Editoria

04 novembre 2015 | 18:20

Secondo gli editori l’iniziativa ‘LeggieVendi’ degli edicolanti “presenta vari profili di illiceità”

La Federazione Italiana Editori Giornali risponde con una lettera (.pdf) all’iniziativa ‘LeggieVendi’ degli edicolanti, affermando che solo gli editori possono decidere come commercializzare e diffondere i loro prodotti e sostenendo, tra l’altro, che l’operazione “viola palesemente l’accordo nazionale sulla vendita dei giornali quotidiani e periodici”.

Maurizio Costa, presidente Fieg

Maurizio Costa, presidente Fieg

Ecco il testo della lettera firmata dal presidente Fieg Maurizio Costa:

Desidero manifestare il disappunto della Federazione Italiana Editori Giornali e degli editori associati per quanto annunciato dalle vostre Organizzazioni di categoria, ideatrici dell’iniziativa denominata “Leggievendi”, che riconosce al lettore la facoltà di riconsegnare il giornale all’edicola da cui lo ha acquistato, in tempi che dipendono dal prodotto, vedendosi restituire il 50% del prezzo di copertina.

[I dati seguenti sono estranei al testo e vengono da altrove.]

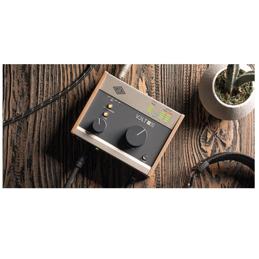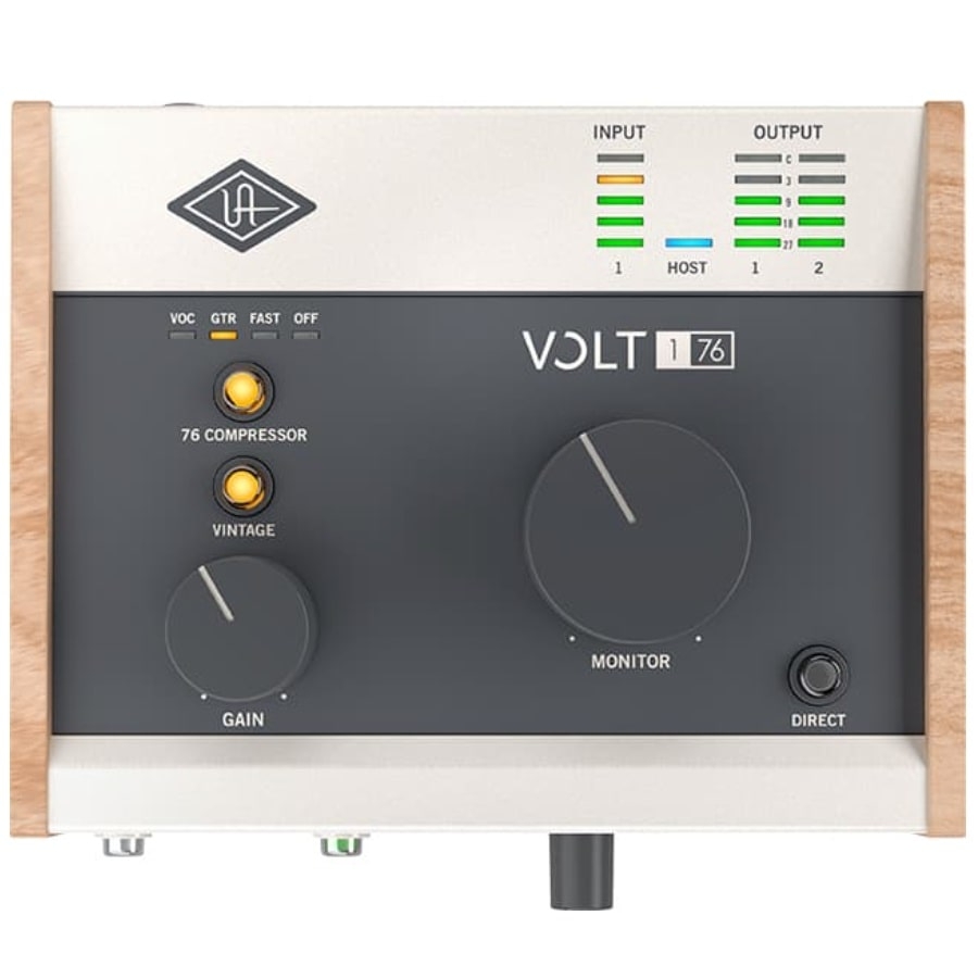 The Volt 176 is a handy interface by Universal Audio. The entire Volt series was designed to easily record sound with your laptop, PC, smartphone, or tablet. Additionally, the Volt interfaces are compact and easy to use. The Volt interfaces are also versatile, designed to be used for music, podcasts, streaming, and more! The Volt 176 has one XLR and jack input. Furthermore, the system has a headphone input with a separate volume control. The system also has a MIDI in and out and stereo monitor outputs. This compact interface also produces a studio-quality sound. This is largely due to the 76 compressor which makes sure the incoming sound is beautifully balanced without it affecting the authenticity of the sound.

Quanto da voi comunicato è fuorviante e l’iniziativa, peraltro non chiara nelle sue modalità esecutive, presenta vari profili di illiceità. Per prima cosa vi ricordo che solo l’editore decide le forme di commercializzazione con le quali intende diffondere il proprio prodotto. Nessun altro soggetto può introdurre forme diverse di commercializzazione senza l’accordo con l’editore.

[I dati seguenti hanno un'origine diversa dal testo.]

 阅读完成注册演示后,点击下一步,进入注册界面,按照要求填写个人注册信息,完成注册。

L’operazione viola palesemente l’Accordo nazionale sulla vendita dei giornali quotidiani e periodici, sottoscritto anche dalle vostre strutture. L’art. 10 sul punto è molto chiaro: tra i compiti (doveri) degli edicolanti è precisato (al n.10) che il punto di vendita “non attua forme di commercializzazione dei prodotti difformemente dalle norme previste dal presente Accordo né dà in lettura a nessun titolo e per nessun motivo le pubblicazioni poste in vendita”.

In merito all’iniziativa “Leggievendi”, parlare di cessione del giornale con uno “sconto” del 50% del prezzo di copertina appare del tutto fuori luogo. L’operazione annunciata si risolve nella concessione in uso del giornale per qualche ora o per qualche giorno, con ciò oggettivamente integrando la prestazione di un servizio.

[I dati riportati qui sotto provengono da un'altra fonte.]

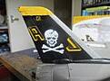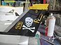 AN HERE the J went to bits so a bit of again yellow paint touchin up but at least the skull an crossbone stayed whole an i must admit i was sweatin buckects tryin to fit this big decall on an the tiny no '1 at the tail top again just fell apart so more yellow paint oh dear
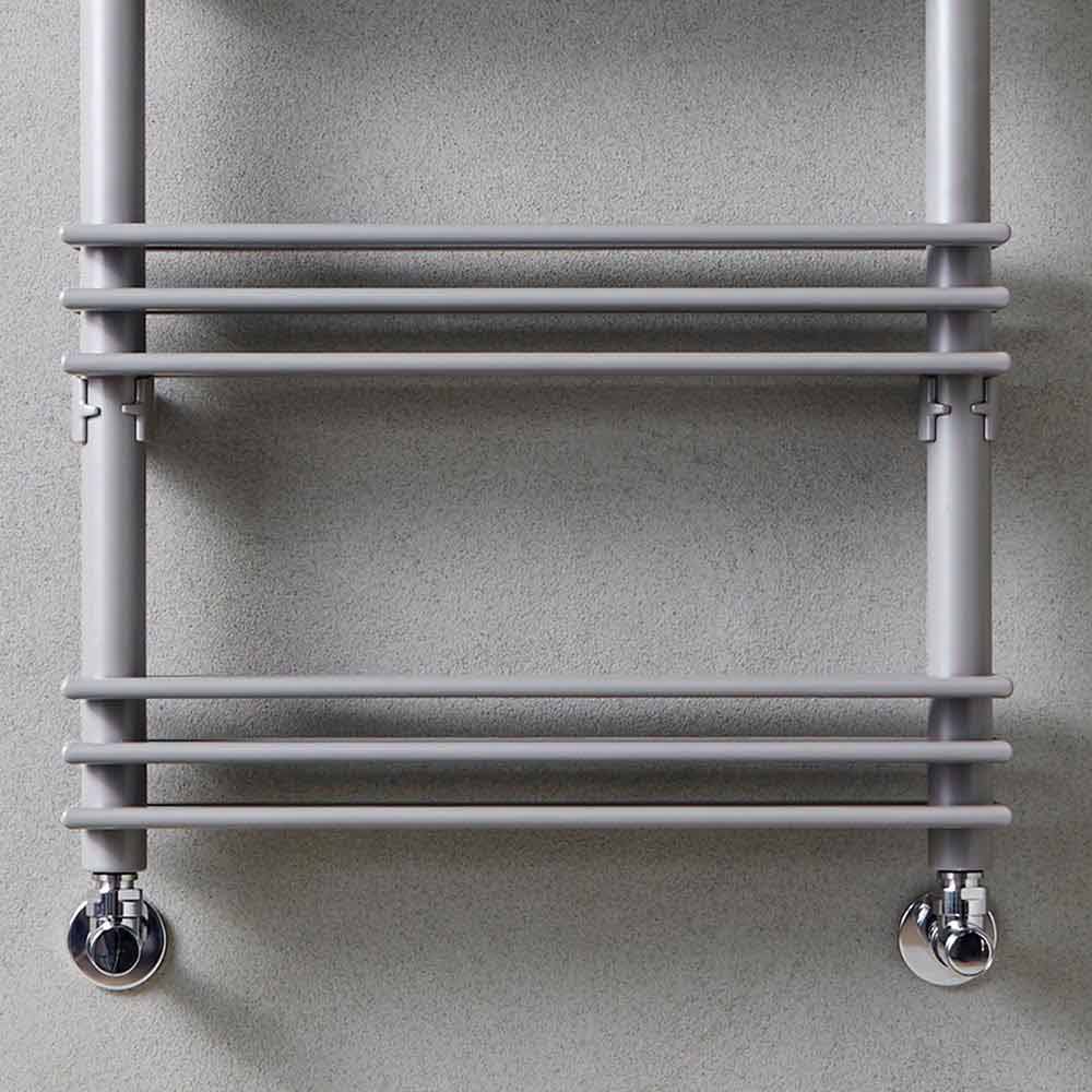 radiador hidráulico tem um design multifuncional constituído por tubos verticais e placas horizontais que podem desempenhar a função de prateleiras reais.

Il quadro normativo e gli accordi di settore non consentono, però, agli edicolanti di “prestare servizi” utilizzando gli stessi giornali quotidiani e periodici, i quali sono loro consegnati al solo scopo della messa in vendita.

L’iniziativa “LeggieVendi”, come delineata, pone l’edicolante a rischio di violare normative di natura fiscale nella parte in cui gli organi preposti ravvisassero in tale operazione la “concessione in uso” di un prodotto e, quindi, la prestazione di un servizio.

Corre poi l’obbligo di ricordarvi che non è consentito all’edicolante di adottare comportamenti, di qualsivoglia genere, che possano integrare violazioni al principio di “parità di trattamento delle diverse testate” di cui all’art. 4 del d.lgs. n.170 del 2001.

Richiamo, infine, l’attenzione sulla circostanza che, come precisato dalla stessa Snag nella sua circolare n. 113/15 del 26 ottobre 2015, “il prodotto oggetto dell’iniziativa… non deve essere reso”. Mi rammarico che nel materiale illustrativo presente presso le edicole aderenti all’iniziativa tale imprescindibile condizione non ha avuto il debito risalto. Gli editori si riservano pertanto di adottare tutte le iniziative finalizzate a prevenire e/o reprimere eventuali comportamenti illeciti, anche sollecitando interventi delle pubbliche Autorità.

Tanto premesso, vi invito a sospendere con effetto immediato l’iniziativa “Leggievendi” tramite adeguate comunicazioni, avvertendo che la Federazione Italiana Editori Giornali si riserva ogni azione, in ogni sede, volta a tutelare i diritti degli editori associati.